Luthos and Epras exchanged a glance, and Grey was not sure what to read in it.
She glanced at Kier again, but he was staring at the ground at her feet, his face unchanged.
She reached for him with a tether, as if she could push all effects of the drug away with the force of her mind alone.
She kept her hand resting lightly on the pommel of her sword, not quite able to calm her racing heart.
“We have found and recovered Severin, the lost heir to Locke,” Epras said. “As such, the High Lord shall restore his Isle, take a consort from my court and continue the line of Locke in the name of Epras.”
Torrin looked at Luthos—who was much younger than the other sovereign, Grey remembered, only a few years into his reign. “And you agreed to this?” he asked, incredulous. “You allied with Epras, and yet will allow him to seize control of power?”
“Epras is capable of seeing reason,” Luthos said flatly. “Unlike others.”
“All those years, and the heir was right under your nose,” Epras said, his tone dripping with contempt. “All those years, and the power could’ve been yours.”
“It was never the power I wanted,” Torrin said.
“Gentlemen,” Cleoc cut in.
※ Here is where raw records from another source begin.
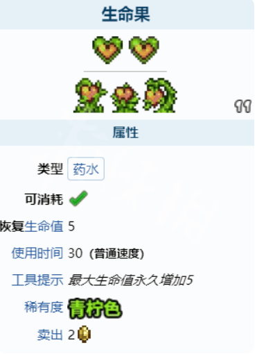 首頁 泰拉瑞亞 問答 泰拉瑞亞生命果怎麼找? 2022-09-29 1.泰拉瑞亞生命果的出現條件是必須要打敗至少一個機械 Boss,它才會開始生長2.生命果可以用任何武器或工具來採集,不是必須得用鎬才能採集,任何種類的攻擊都可以採集它們
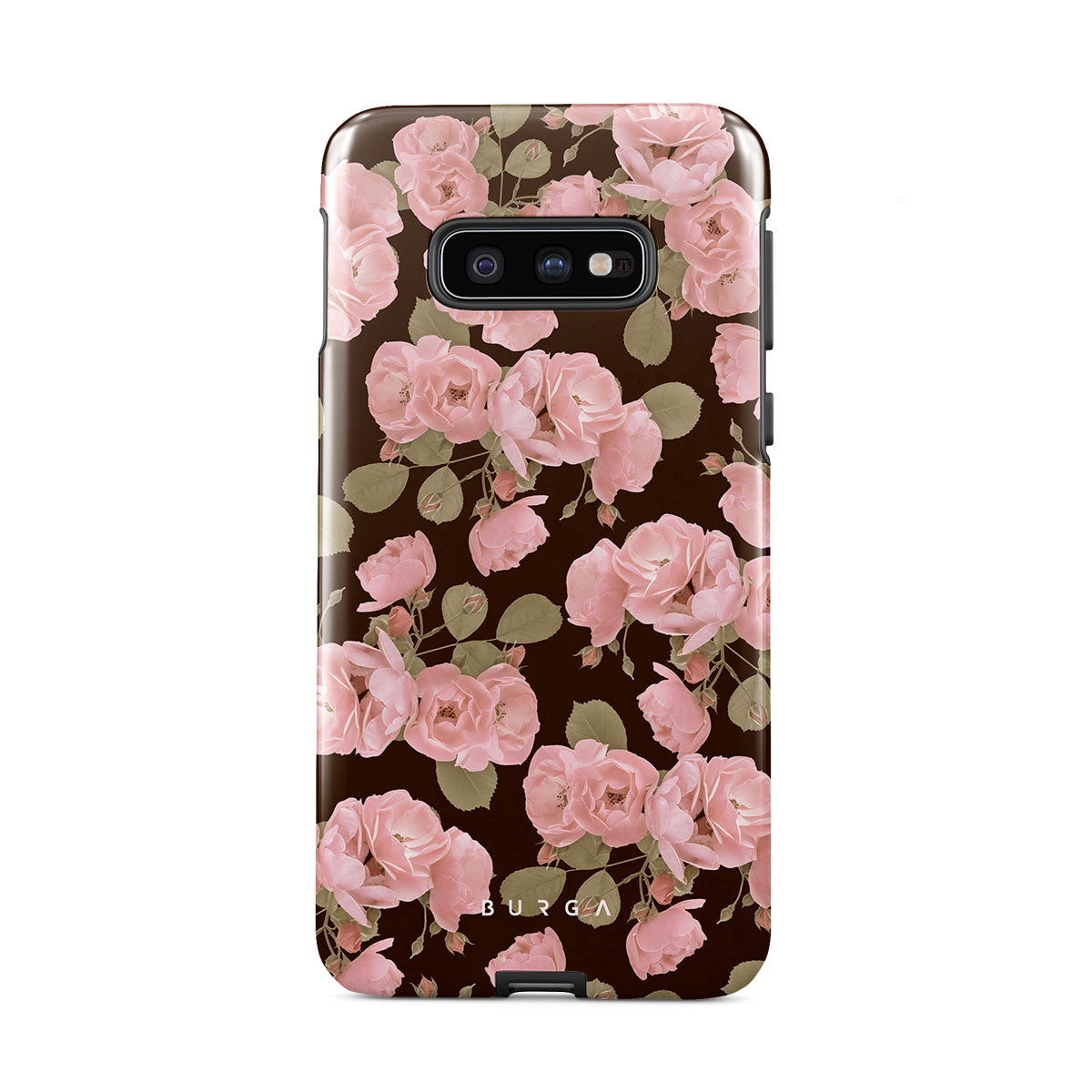 Delicate like a Desert Rose, your style blossoms in unexpected places. This striking Samsung Galaxy S10E phone case design features bold pink roses against a rich, earthy background, creating a captivating contrast. Made for those who thrive in the extraordinary and find beauty in the rugged.
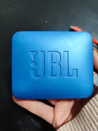Altavoz portátil JBL en color azul. Incluye cable de carga. - Diseño compacto y ligero. - Conexión inalámbrica Bluetooth.

She turned her gaze to Epras. “It is not your role to rule Locke. He may be your prisoner now, but what happens if he kills your bride? Controlling power is not so easy.”
“Not if he’s bound to his bride,” Epras said, “as is the Isle’s custom.”
Cleoc sighed. Grey tried again for a tether, forcing through the fog of the breakbloom that clouded Kier’s system. Nothing.
“It looks like you have made up your mind, then,” Cleoc said. “Locke shall be restored, and Epras shall rule. But I will raze your Isle. I will kill your bride. I will destroy everything you create, Epras.”
Cleoc had never reminded Grey so much of her own mother. Not for the first time, she wondered if this was what the throne did to women like them.